Он рассказал ей о своем сочинительстве, изложил свой план — писать для заработка и продолжать учиться. Но его ждало разочарование: Руфь отнеслась к этому плану скептически.
— Видите ли, — откровенно сказала она, — литература такое же ремесло, как и всякое другое. Я не знаток, конечно, я просто высказываю общеизвестные истины. Ведь нельзя же стать кузнецом, не проучившись предварительно года три, а то, пожалуй, и все пять. Но писатели зарабатывают лучше кузнецов, и потому, вероятно, очень многие хотели бы стать писателями и даже пробуют писать.
— А почему вы не допускаете мысли, что у меня есть к этому способности? — спросил Мартин, радуясь втайне, что так складно выразился; и тотчас же заработало его воображение, и он как бы со стороны увидел этот разговор в гостиной, а рядом сотни картин его прежней жизни, грубых и отвратительных.
Но все эти пестрые видения пронеслись перед ним в один миг, не прерывая течения его мыслей, не замедляя темпа разговора.
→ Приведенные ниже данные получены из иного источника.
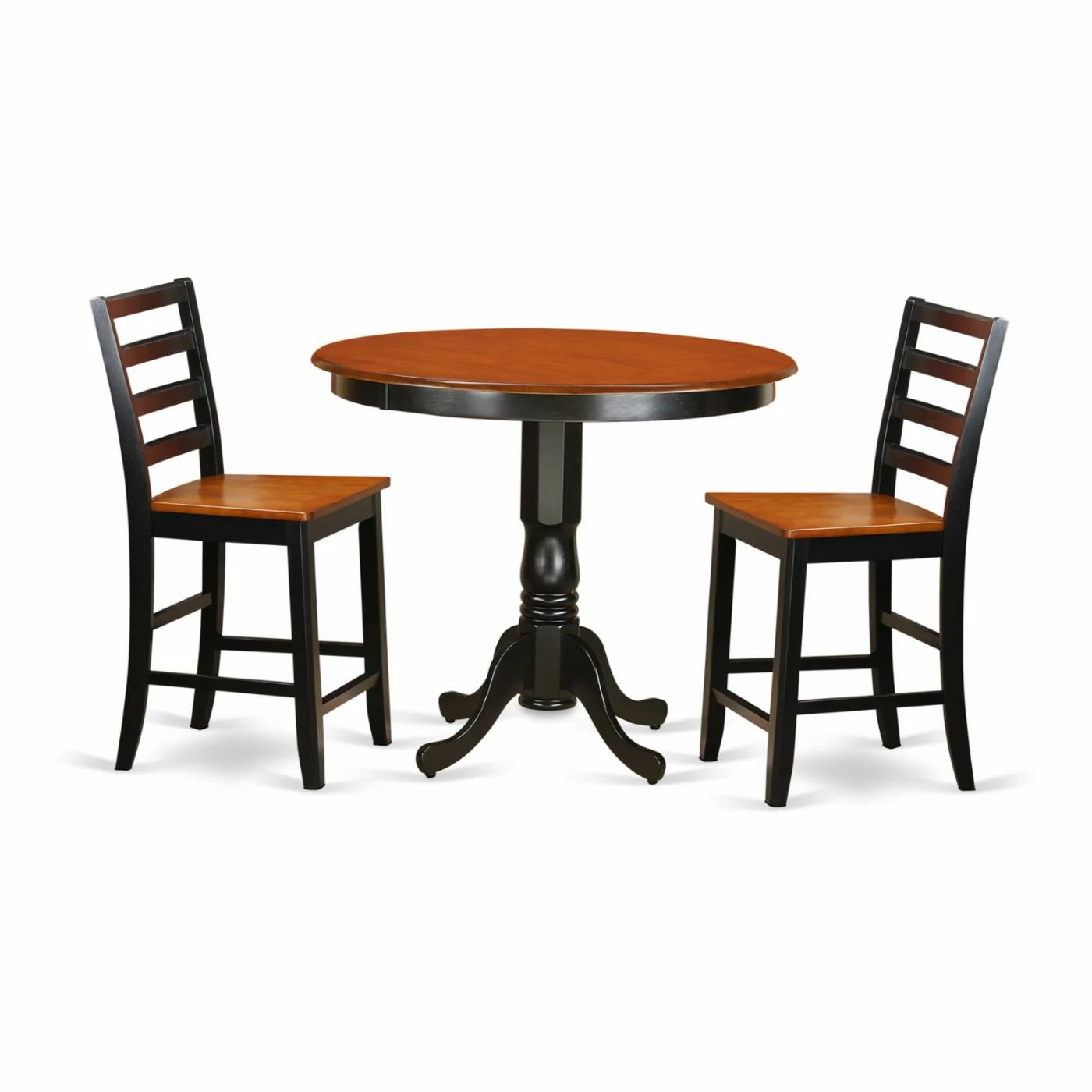 The East West Furniture Trenton 3 Piece Ladder Back Dining Table Set is a conveniently compact and elegant addition to any tiny kitchen or dining room. Solid Asian hardwood construction ensures this set is will look stunning and last. The chairs are equipped with supportive slat backs as well as cushioned seats with soft microfiber upholstery. The black finish adds a streamlined element to this dining table set.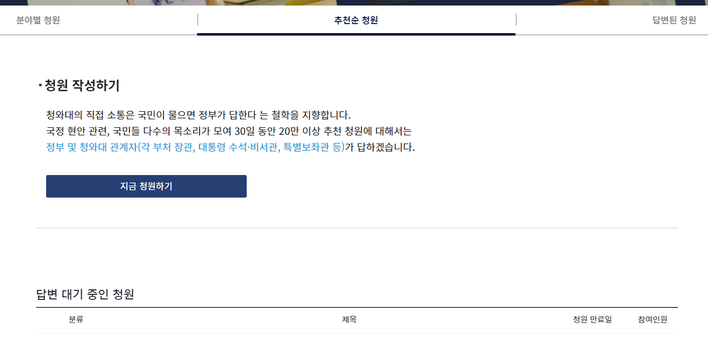 왼쪽 상단을 보시면 분야별 청원이 있고 중앙에는 추천순 정원, 오른쪽 상단에는 답변된 청원이 있습니다.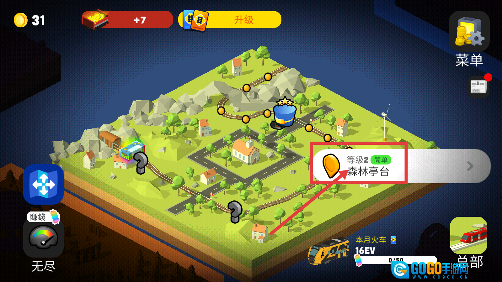 1、点击【等级2-简单-森林亭台】进入关卡,开启火车运输乘客任务,可查看升级、菜单功能,熟悉界面后推进。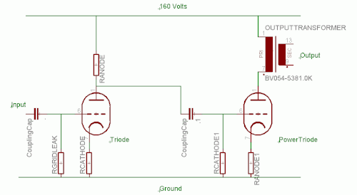 The following circuits are simplified conceptual circuits only, real world circuits also require a smoothed or regulated power supply, heater for the filaments (the details depending on if the selected valve types are directly or indirectly heated), and the cathode resistors are often bypassed, etc.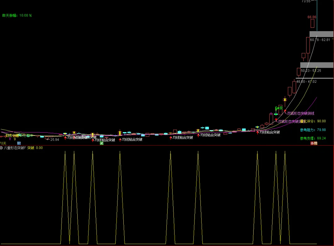 这是一个通达信技术指标公式,名为“八重形态突破主图”,集成了多种突破形态识别、风险预警、买卖点提示等功能。以下是其详细解析和使用方法: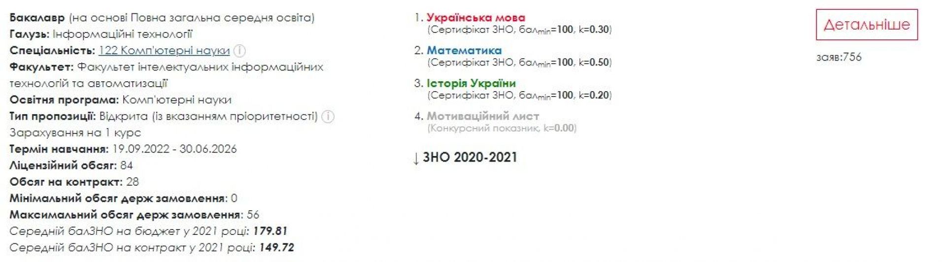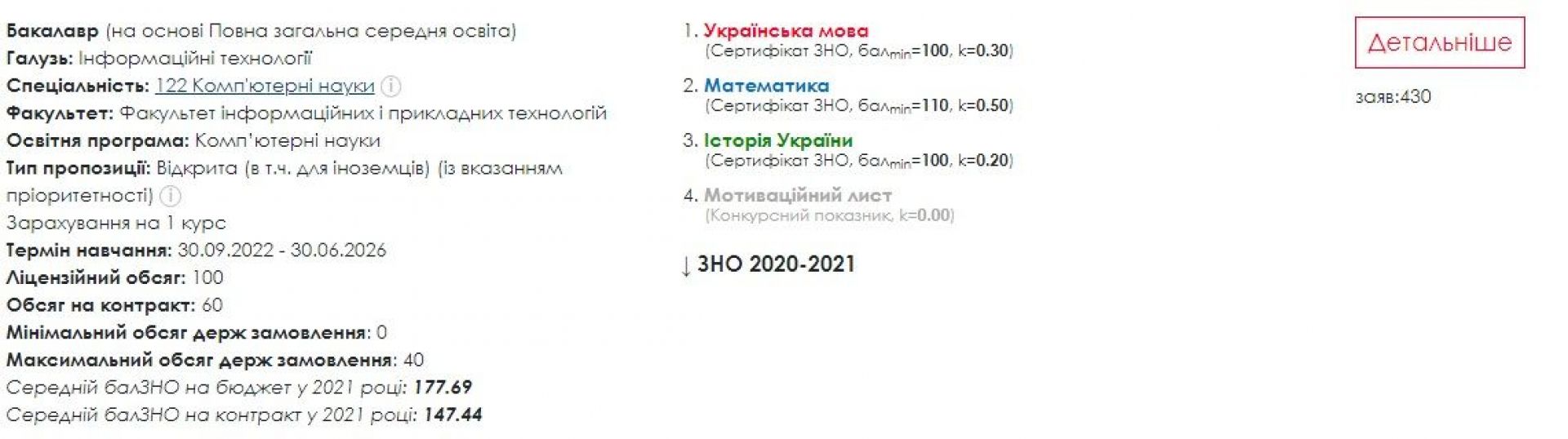 Найбільше заявок подали на спеціальність «Право»: 556. Наступною цікавою для вступників виявилась спеціальність «Комп’ютерні науки» ― 401 заява. І ще однією досить популярною серед цьогорічних абітурієнтів є «Психологію», туди подали 368 заяв.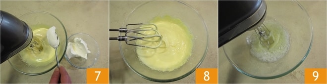 Ajoutez maintenant le mascarpone aux jaunes d'œufs avec les fouets 7 8 ou avec une spatule. Réservez le mélange et versez les blancs d'œufs dans un autre bol. Commencez à les monter, en vous assurant que les fouets soient bien propres 9.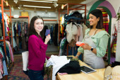 Zdjęcie "Atrakcyjna młoda kobieta i jej przyjaciółka przymierzają piękne kolczyki w lumpeksie " może być wykorzystywane do celów osobistych i komercyjnych zgodnie z warunkami zakupionej licencji Royalty-free. Obraz jest dostępny do pobrania w jakości wysokiej rozdzielczości do 5760x3840.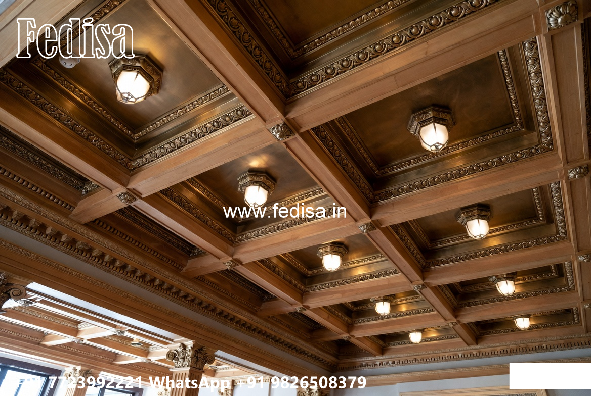 Wooden Classic Ceiling Design Plus Minus Bedroom Design No-12686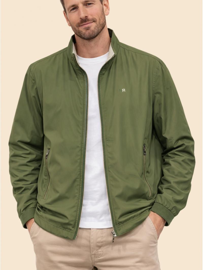 Su diseño reversible permite disfrutar de dos estilos en una sola prenda: un lado liso en color verde, más sobrio y elegante, y otro lado con tejido microestampado, que aporta un toque más moderno y casual.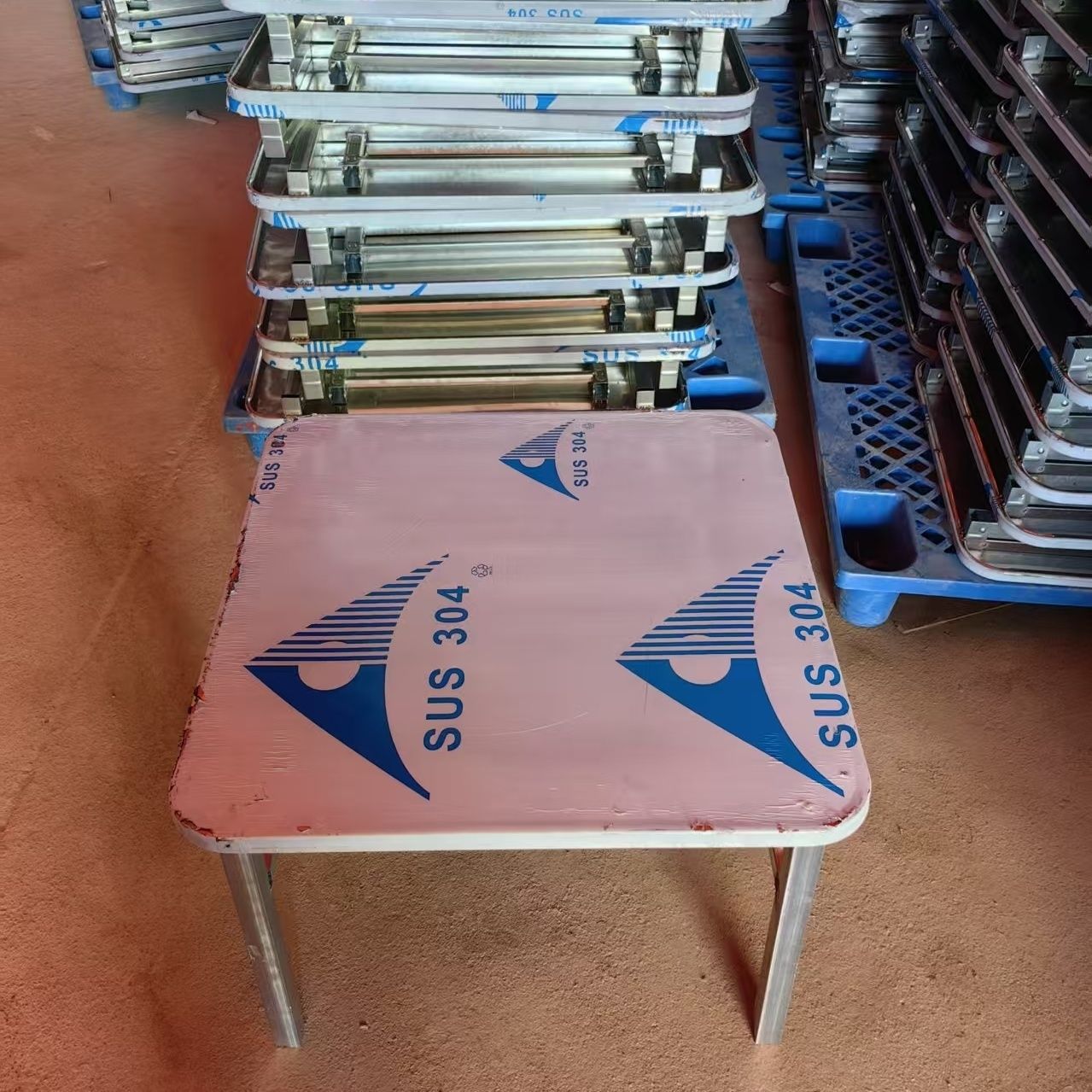 야외 노점 야시장 간이 식탁 직사각형 테이블 두꺼운 스테인레스 스틸 접이식 테이블 휴대용 바베큐 테이블
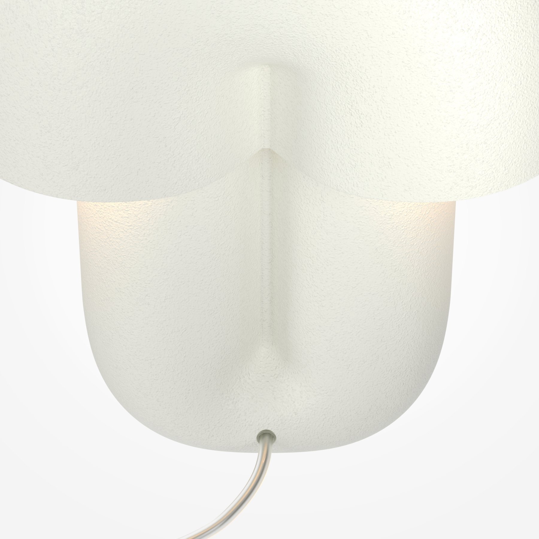 В основе дизайна — силуэт в форме «грибочка». Корпус светильника выполнен из натуральной керамики в трех цветах: шагреневый белый, глянцевые молочно-белый и нежный кашемир. LED-источник (3000К) с высокой световой отдачей (1400 лм) скрыт матовым акриловым рассеивателем и создает мягкий ореол под светильником. Сенсорный металлический шарик позволяет не только включать свет, но и регулировать его яркость. В комплекте предлагается два шара — в цвете сатинированной латуни или глянцевой платины.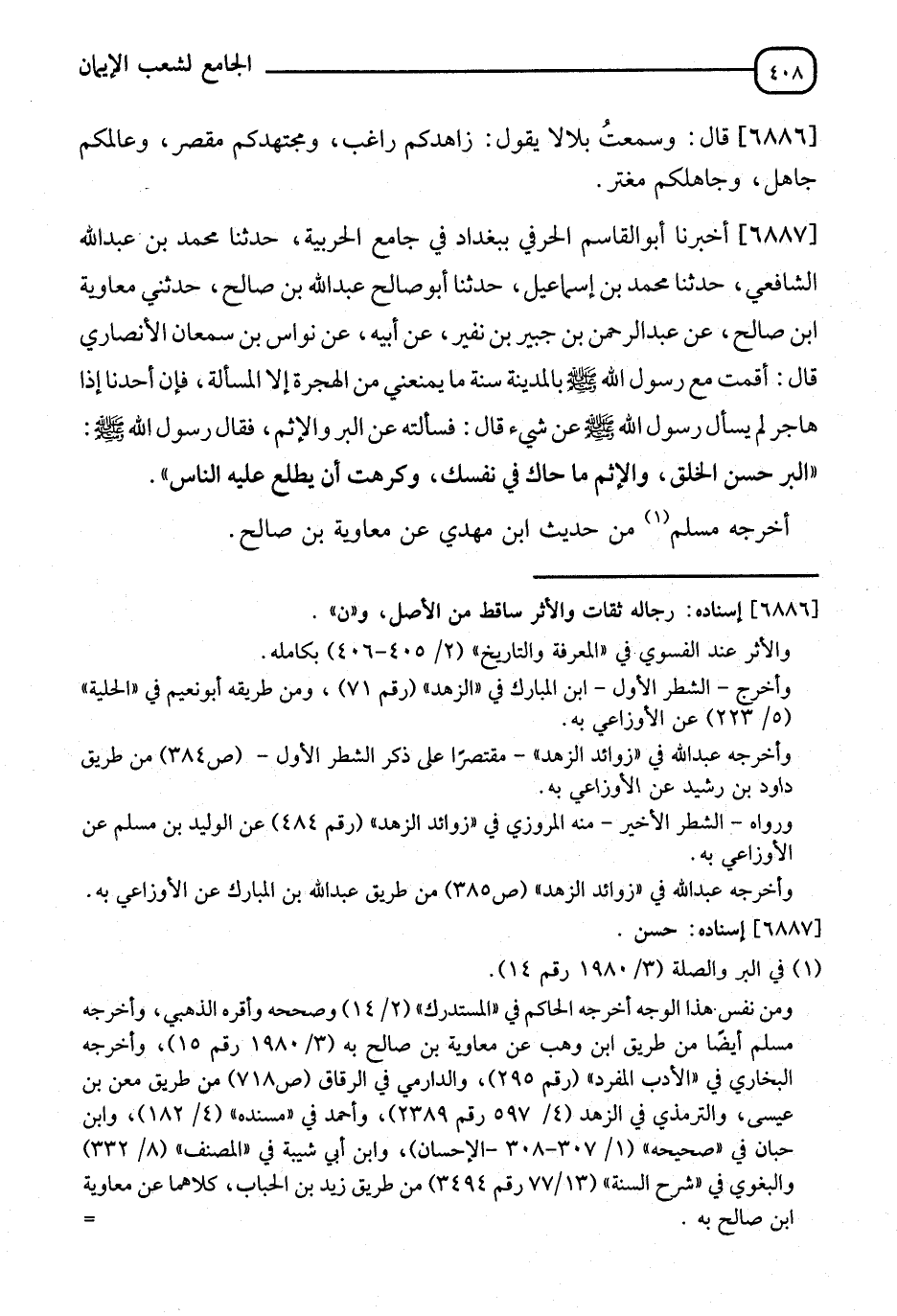 6887 - أَخْبَرَنَا أَبُو الْقَاسِمِ الْحُرْفِيُّ، بِبَغْدَادَ، نا مُحَمَّدُ بْنُ عَبْدِ اللهِ الشَّافِعِيُّ، نا مُحَمَّدُ بْنُ إِسْمَاعِيلَ، نا أَبُو صَالِحٍ، نا عَبْدُ اللهِ بْنُ صَالِحٍ، حَدَّثَنِي مُعَاوِيَةُ بْنُ صَالِحٍ، عَنْ عَبْدِ الرَّحْمَنِ بْنِ جُبَيْرِ بْنِ نُفَيْرٍ، عَنْ أَبِيهِ، عَنْ نَوْاسِ بْنِ سَمْعَانَ الْأَنْصَارِيِّ، قَالَ: أَقَمْتُ مَعَ رَسُولِ اللهِ صَلَّى اللَّهُ عَلَيْهِ وَسَلَّمَ بِالْمَدِينَةِ سَنَةً مَا يَمْنَعُنِي مِنَ الْهِجْرَةِ إِلَّا الْمَسْأَلَةُ، فَإِنَّ أَحَدَنَا إِذَا هَاجَرَ لَمْ يسَلْ رَسُولَ اللهِ صَلَّى اللَّهُ عَلَيْهِ وَسَلَّمَ عَنْ شَيْءٍ، قَالَ: فَسَأَلْتُهُ عَنِ الْبِرِّ وَالْإِثْمِ، فَقَالَ رَسُولُ اللهِ صَلَّى اللَّهُ عَلَيْهِ وَسَلَّمَ: " §الْبِرُّ حُسْنُ الْخُلُقِ، وَالْإِثْمُ مَا جَالَ فِي نَفْسِكَ وَخَشِيتَ أَنْ يَطَّلِعَ عَلَيْهِ النَّاسُ ". أَخْرَجَهُ مُسْلِمٌ. مِنْ حَدِيثِ ابْنِ مَهْدِيٍّ، عَنْ مُعَاوِيَةَ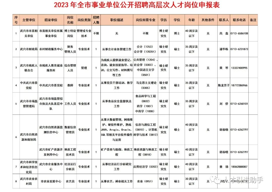 1.2023年全市事业单位第一批高层次人才需求表(武穴)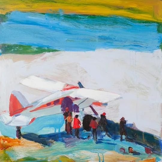 “The Airplane Painting”, Jessica Singerman“I set this goal to do a daily project. I would do a project in one sitting, usually when my son was taking a nap, and I started hanging on to this for dear life. I did that for a few months. We were living in Australia at the time, so I didn’t have a studio. My studio was like the contents of a little box. I learned really quickly that I had to make my work space easy to access, and my projects quick to get into with no clean up. I wasn’t using oil paints at the time, I was using watercolors and inks and drawing. Everything was quick to set up and take down.”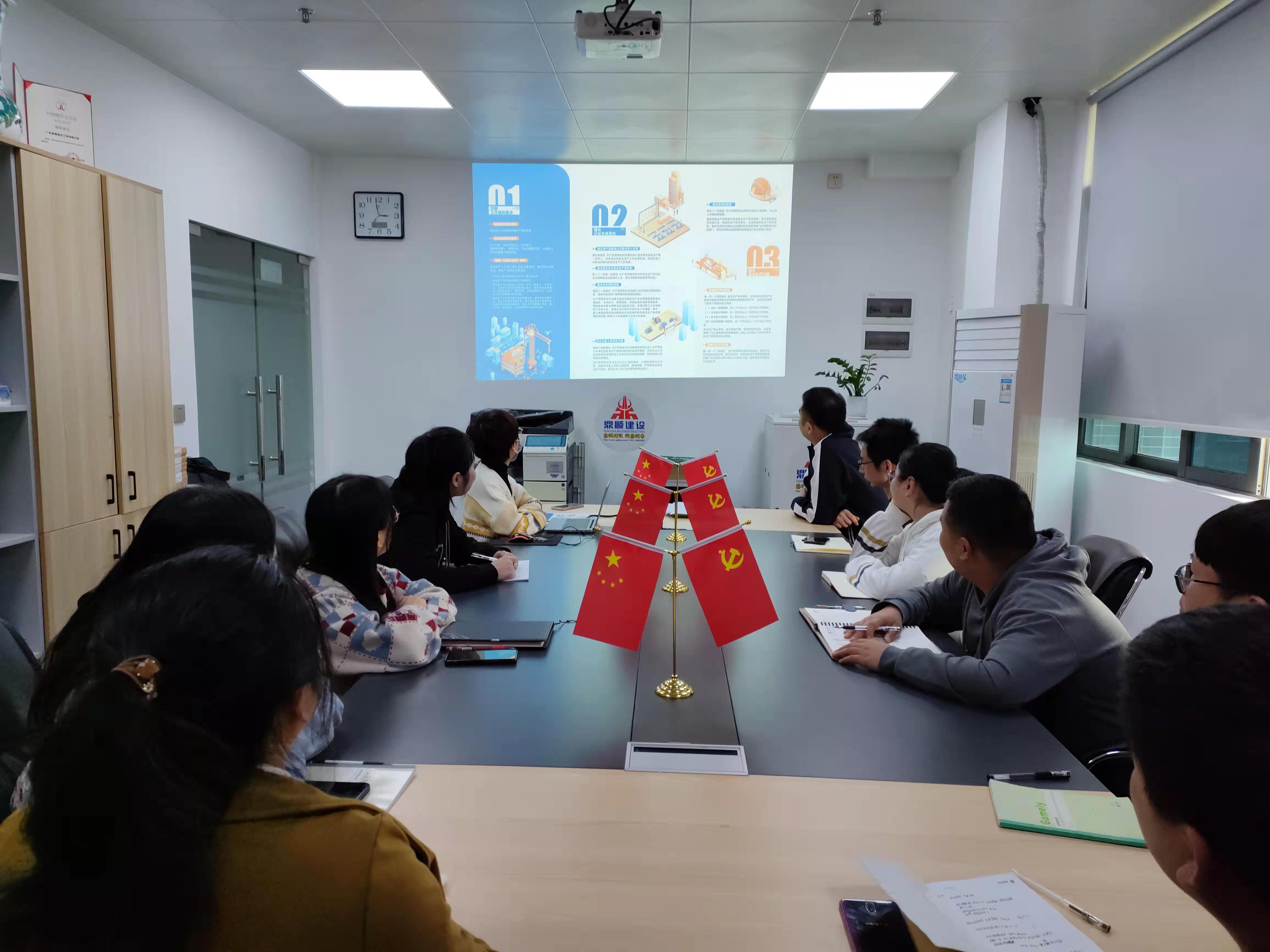 12月7日下午,为学习和宣传新《安全生产法》,鼎顺建设在加利源办公室开展新《安全生产法》解读培训活动。在培训活动中,我司播放了新《生产安全法》的解读视频、发放了安全生产宣传小册子,以及制作安全生产横幅送至各项目部,树立项目人员“以人为本、生命至上”的安全理念。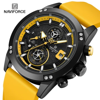 NAVIFORCE Luxury Watches for Men Fashion Silicone Band Military Waterproof Sport Chronograph Quartz WristWatch Fashion With Date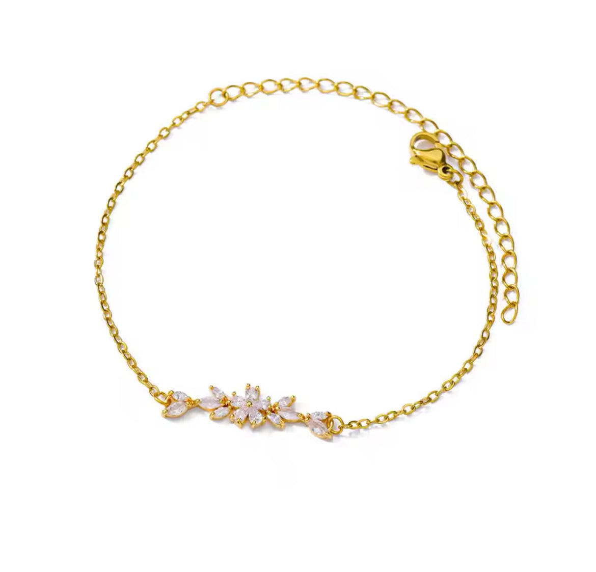Zircon Flower Petal Charm: At the heart of the FLORA bracelet is a delicate flower petal charm, crafted with shimmering zircon stones. Measuring 3cm in length, the charm adds a touch of sparkle and grace, symbolizing natural beauty and elegance.
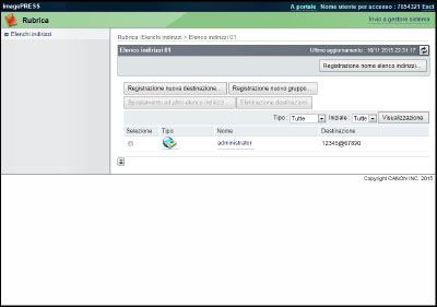 Le operazioni di gestione della rubrica disponibili mediante l'IU remota sono uguali a quelle ottenute con la selezione della schermata [Impostazione destinazione] (Impostazioni/Registrazione) nel pannello comandi. |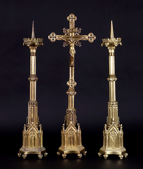ensemble de 8 chandeliers et de 2 croix d'autel de style néo-gothique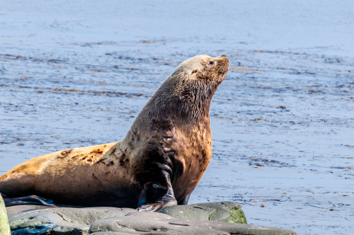 アシカ科の哺乳類。雄は体長約4メートル、体重1トンに達する。体は黒褐色で、頭の幅が広くて後頭部が低く、ひげがある。(一部抜粋)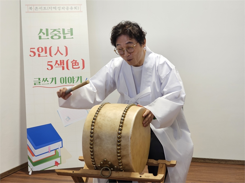 북(book)콘서트니까 북(악기)콘서트도 함께 하겠다며 나선 골목명창(?) 최용호 소리꾼. 요즘 판소리를 열심히 배우고 있다며 모든 이들을 북소리로 리드하며 창과 가요를 즐겁게 부르는 시간을 가졌다. (사진: 윤준식 편집장)

На экране своей фантазии видел Мартин эту прелестную, милую девушку и себя самого, беседующих на хорошем английском языке, среди книг и картин, в уютной комнате, где на всем лежала печать культуры и хорошего воспитания. Эта сцена, озаренная ровным, ясным светом, как бы занимала середину экрана. А кругом, по краям экрана, возникали и исчезали совсем иные сцены, и он, как зритель, мог смотреть на любую из них по выбору. Они сменялись перед ним, выхватываемые лучами яркого красноватого света из зыбкой сумеречной пены тумана. Он видел ковбоев, пивших в кабаке огненное виски, кругом раздавалась грубая речь, пересыпанная непристойностями, а сам он тоже стоял у стойки, пил и бранился, не отставая от самых отъявленных забулдыг и буянов, или сидел с ними за столом под коптящей керосиновой лампой, сдавая карты и звеня фишками. Потом видел себя обнаженным до пояса со сжатыми кулаками, перед началом знаменитой схватки с рыжим ливерпульцем на баке «Сасквеганны»; потом он увидел окровавленную палубу «Джона Роджерса» в то серое утро, когда вспыхнул мятеж, увидел старшего помощника, корчившегося в предсмертных судорогах, дымящийся револьвер в руках капитана, толпу матросов вокруг, с искаженными от ярости лицами, раненых, изрыгающих проклятья, — и от этих картин он вновь вернулся к центральной сцене, спокойной и тихой, озаренной ярким светом, вновь увидел Руфь, беседующую с ним среди книг и Картин; увидел большой рояль, на котором она позже будет играть ему; услышал свою собственную правильно построенную и произнесенную фразу: «А почему вы не допускаете мысли, что у меня есть к этому способности?»